→ AIM OF THE TASK
Please keep pictures out and return the lines below exactly, from the one holding "Куртка, входящая в" through the last, both included.

→ DATA SECTION
══════════

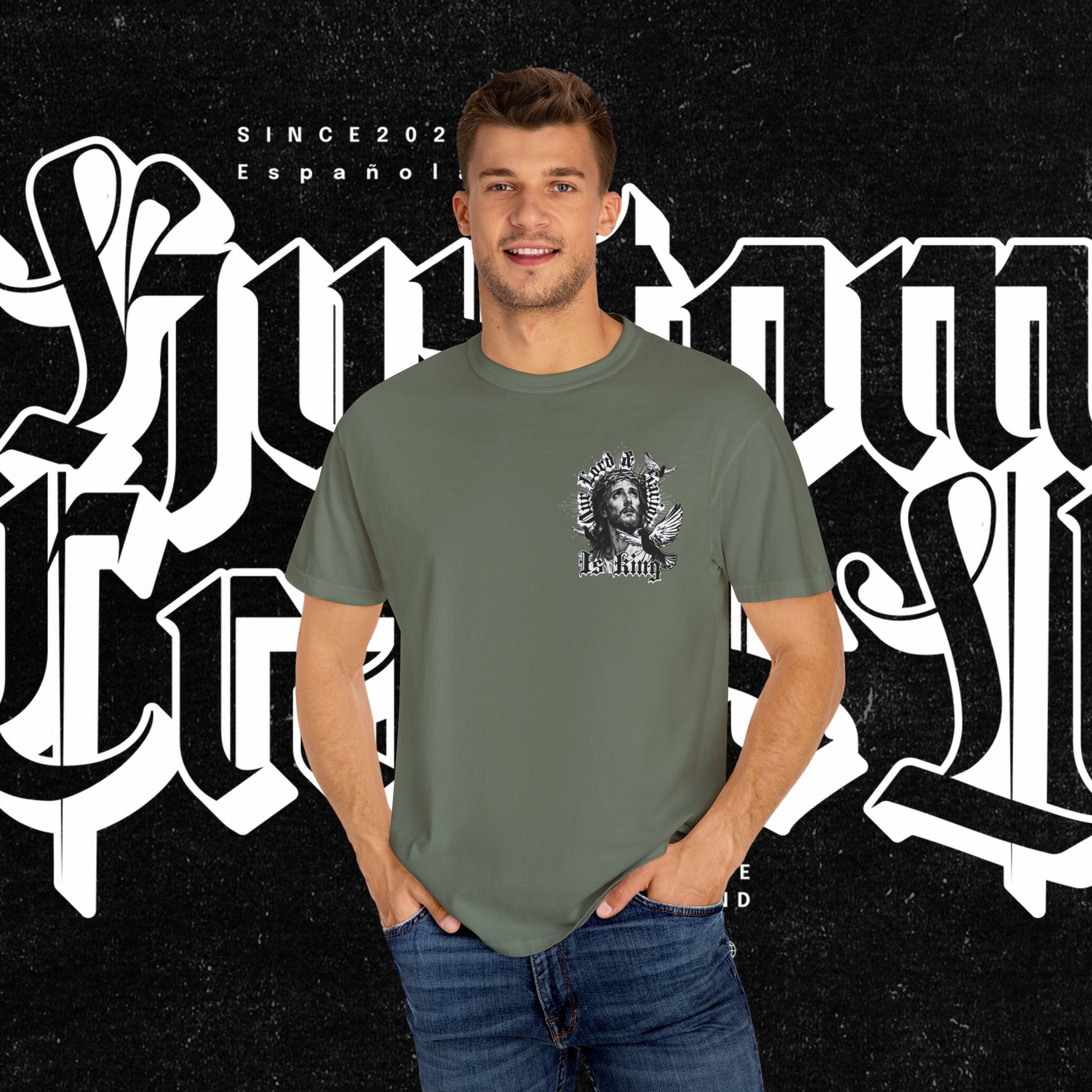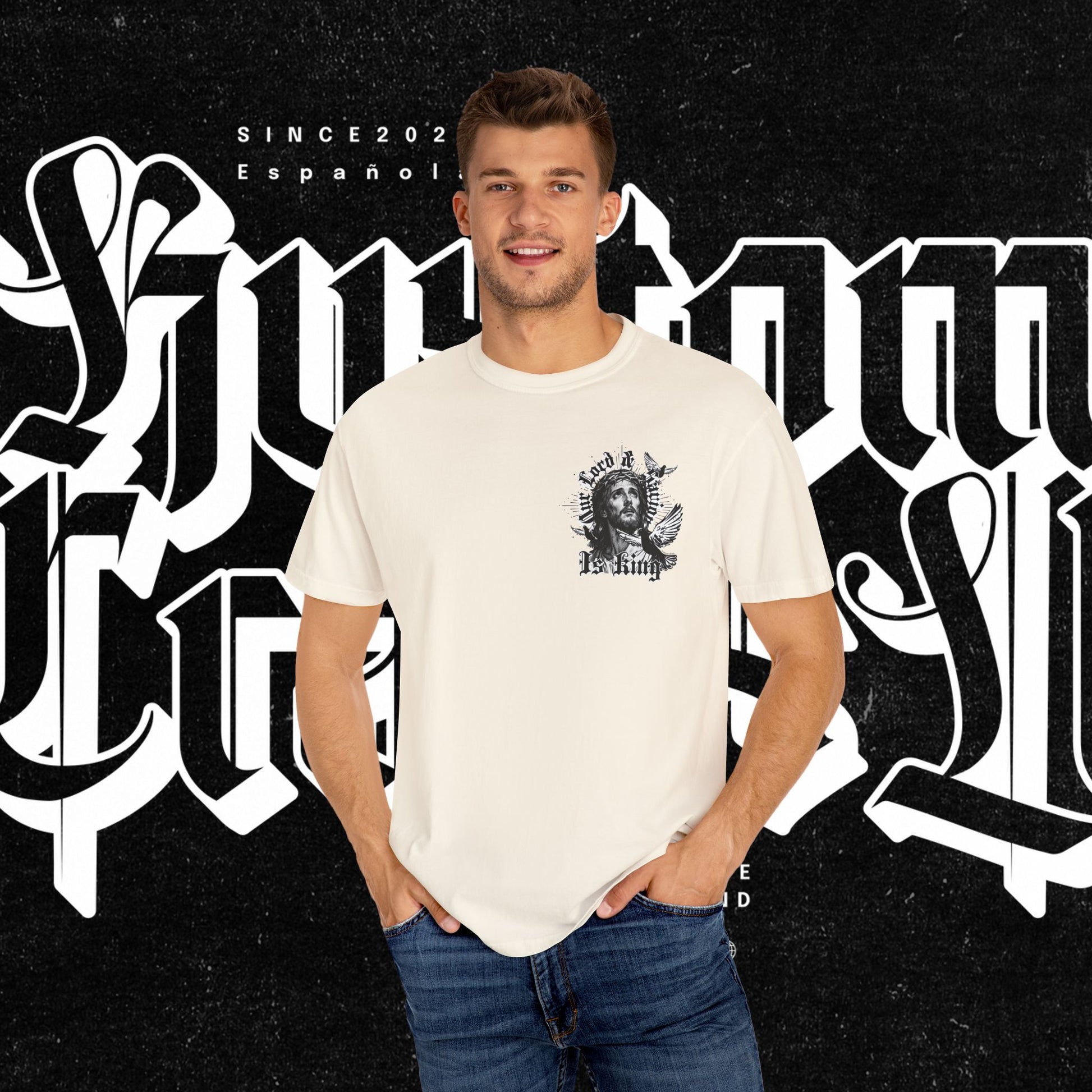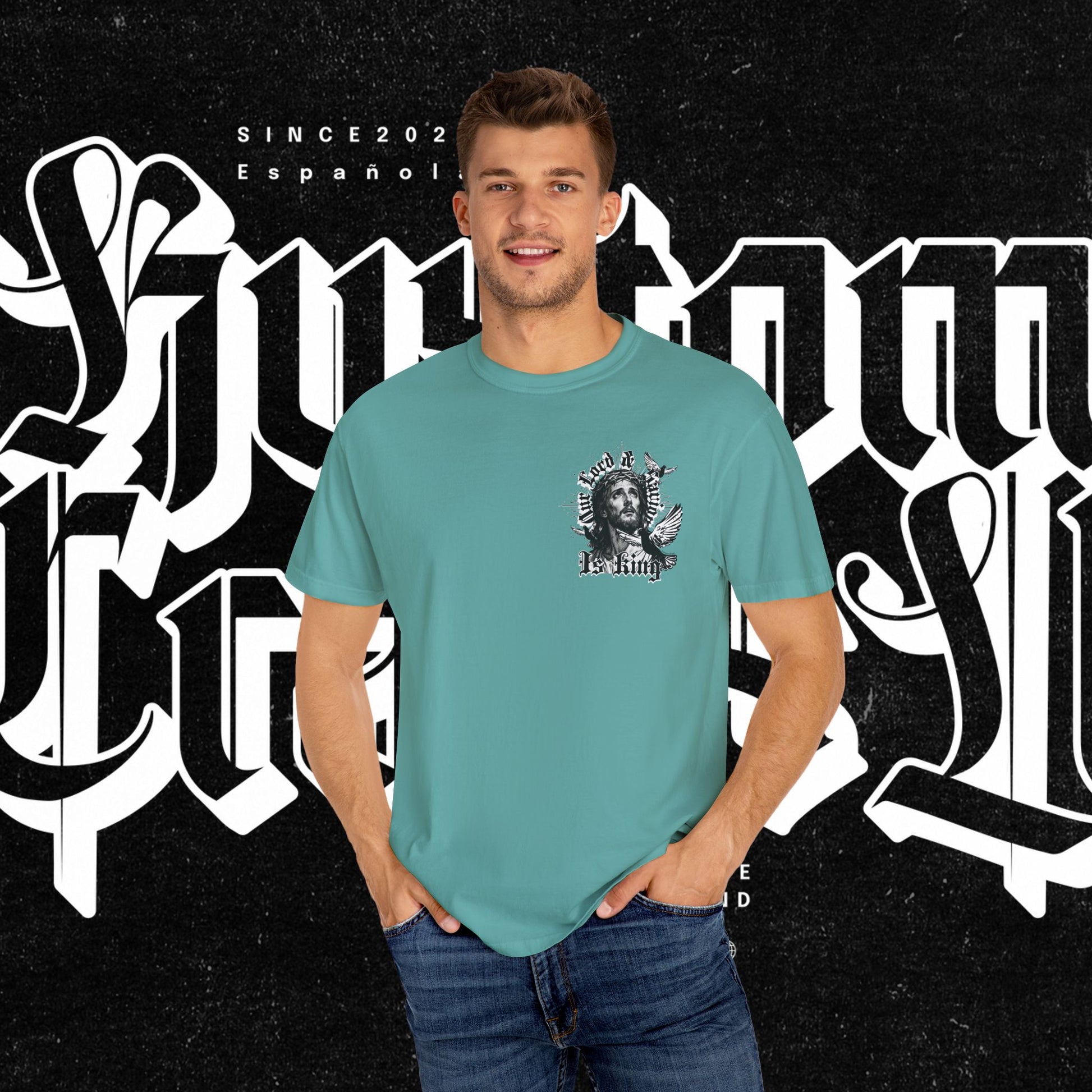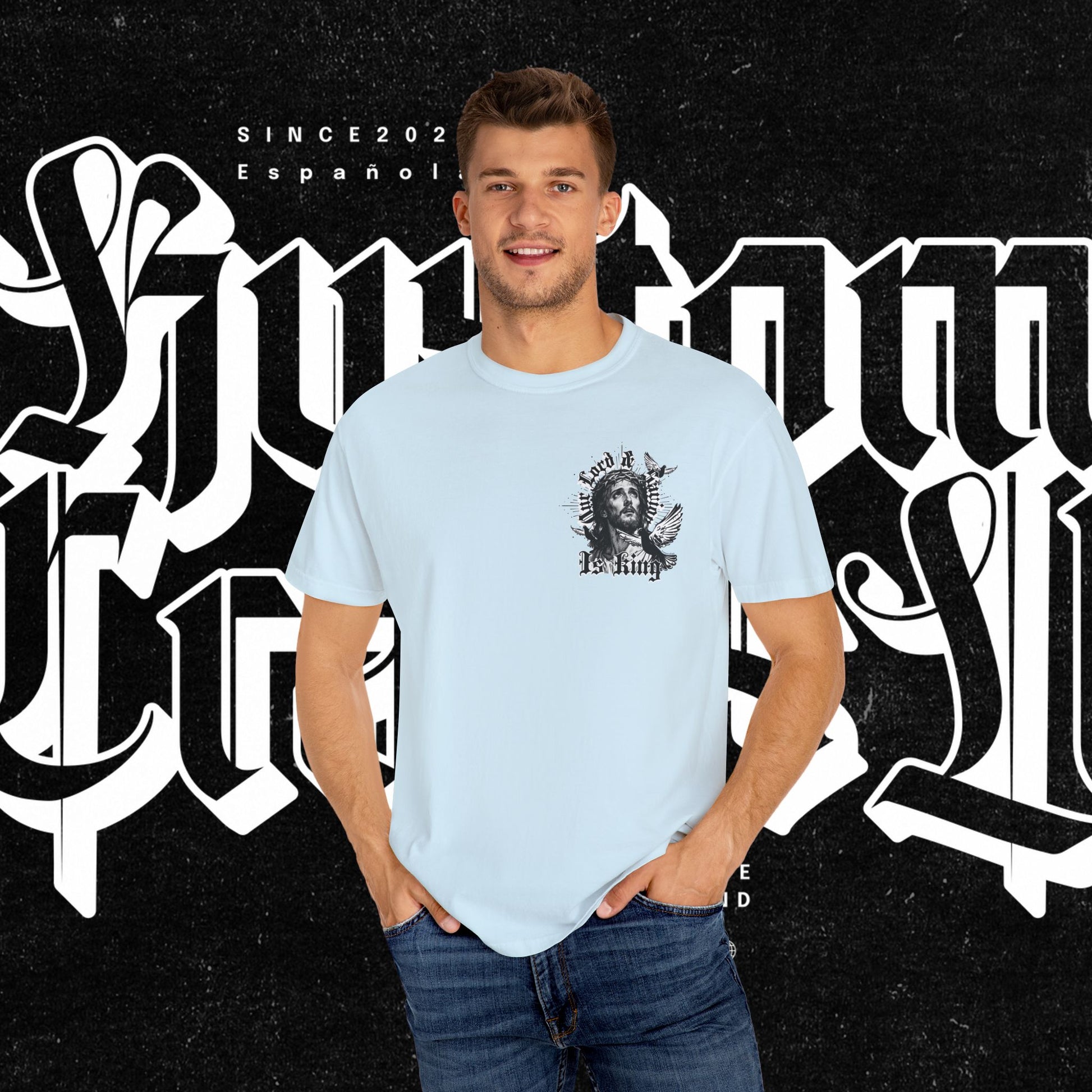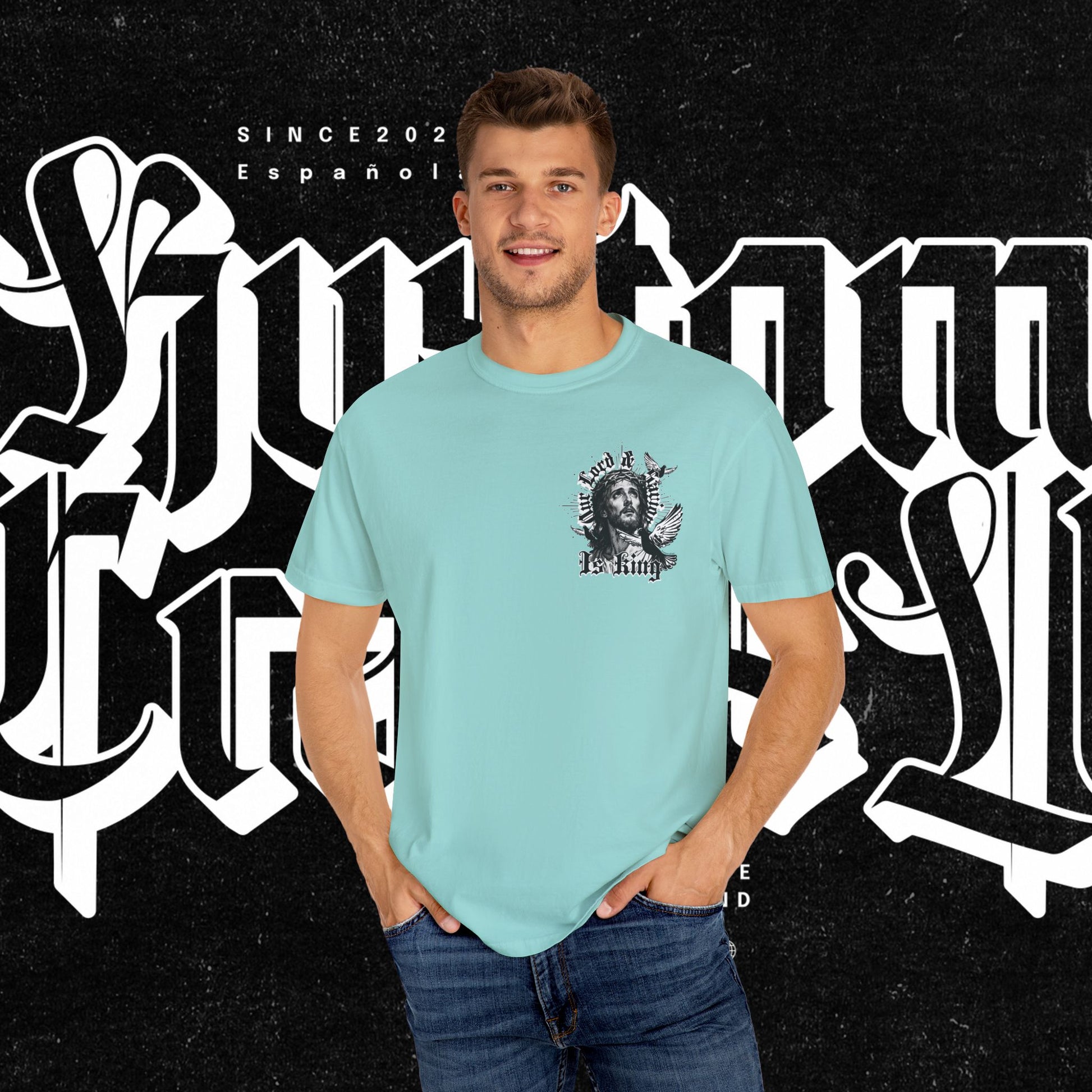 This unisex garment-dyed T-shirt features the phrase 'Our lord and savior is king' printed on the front, giving off a bold and spiritual vibe. Perfect for those looking to make a statement with their wardrobe. Ideal for religious holidays and events.
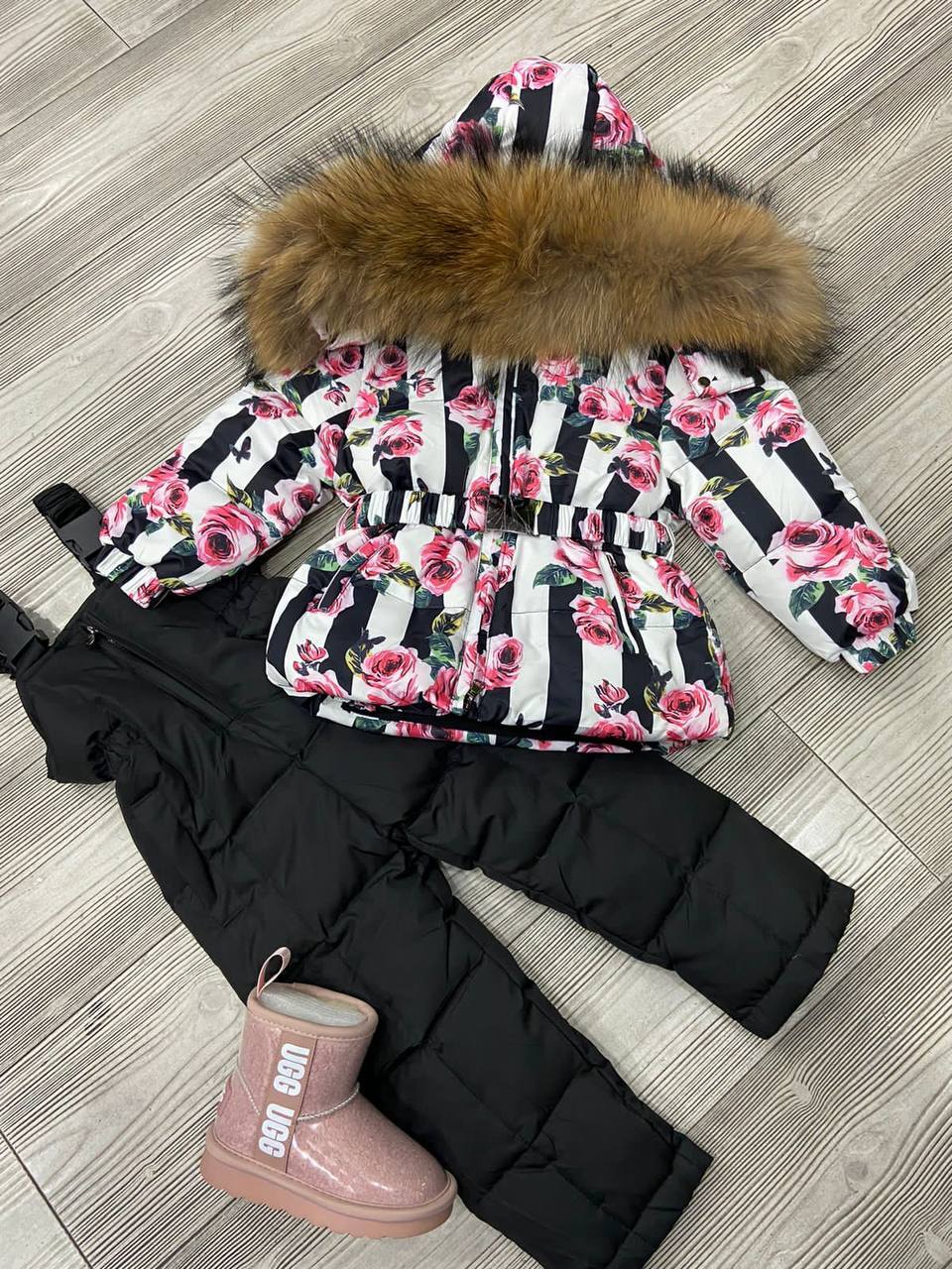 Куртка, входящая в комплект, выполнена из легкого, но при этом теплого материала, что делает ее идеальной для переменчивых погодных условий. Стильный крой и модные детали, такие как оригинальные молнии и декоративные элементы, делают эту куртку не только практичной, но и невероятно привлекательной. Комбинезон, в свою очередь, отличается удобством и свободой движений, что позволяет детям активно играть и заниматься любимыми делами, не ощущая дискомфорта. Этот комплект станет настоящим спасением для родителей, которые хотят, чтобы их дочери выглядели стильно, не жертвуя комфортом.
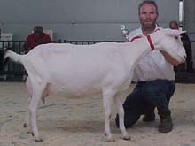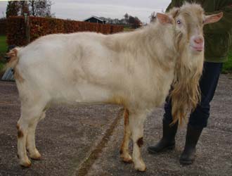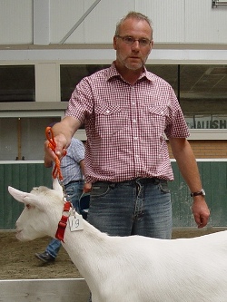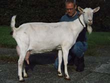 Brede lijn Om iets meer grofheid in zijn geiten te brengen werd in 1998 een tweede lijn via Bokmoeder Teatske 40 in de stal gehaald. Teatske 40 (AV 89) was een dochter van de Preferente bok Tsjeppenburster Fred en ook zij had een uitstekend uier. Via zoon Dayna Fedde (Fedde K) heeft Van der Wal geprobeerd om zijn, wat te lichte, Anja’s wat meer body te geven. Enorme productietoppers zal Van der Wal niet snel fokken. Hij doet al zestien jaar mee aan de melkcontrole, met als doel Bokmoeders te krijgen. Hij vindt het belangrijk dat zijn geiten aan de norm voldoen, maar ze hoeven niet boven de vijf liter te produceren. ‘Je ziet vaak dat geiten die te veel produceren tekort komen op de keuring. ‘ Zijn doel is toch vooral om duurzame keuringsgeiten te fokken. |

══════════

→ WRITTEN SOLUTION
 Куртка, входящая в комплект, выполнена из легкого, но при этом теплого материала, что делает ее идеальной для переменчивых погодных условий. Стильный крой и модные детали, такие как оригинальные молнии и декоративные элементы, делают эту куртку не только практичной, но и невероятно привлекательной. Комбинезон, в свою очередь, отличается удобством и свободой движений, что позволяет детям активно играть и заниматься любимыми делами, не ощущая дискомфорта. Этот комплект станет настоящим спасением для родителей, которые хотят, чтобы их дочери выглядели стильно, не жертвуя комфортом.
 Brede lijn Om iets meer grofheid in zijn geiten te brengen werd in 1998 een tweede lijn via Bokmoeder Teatske 40 in de stal gehaald. Teatske 40 (AV 89) was een dochter van de Preferente bok Tsjeppenburster Fred en ook zij had een uitstekend uier. Via zoon Dayna Fedde (Fedde K) heeft Van der Wal geprobeerd om zijn, wat te lichte, Anja’s wat meer body te geven. Enorme productietoppers zal Van der Wal niet snel fokken. Hij doet al zestien jaar mee aan de melkcontrole, met als doel Bokmoeders te krijgen. Hij vindt het belangrijk dat zijn geiten aan de norm voldoen, maar ze hoeven niet boven de vijf liter te produceren. ‘Je ziet vaak dat geiten die te veel produceren tekort komen op de keuring. ‘ Zijn doel is toch vooral om duurzame keuringsgeiten te fokken. |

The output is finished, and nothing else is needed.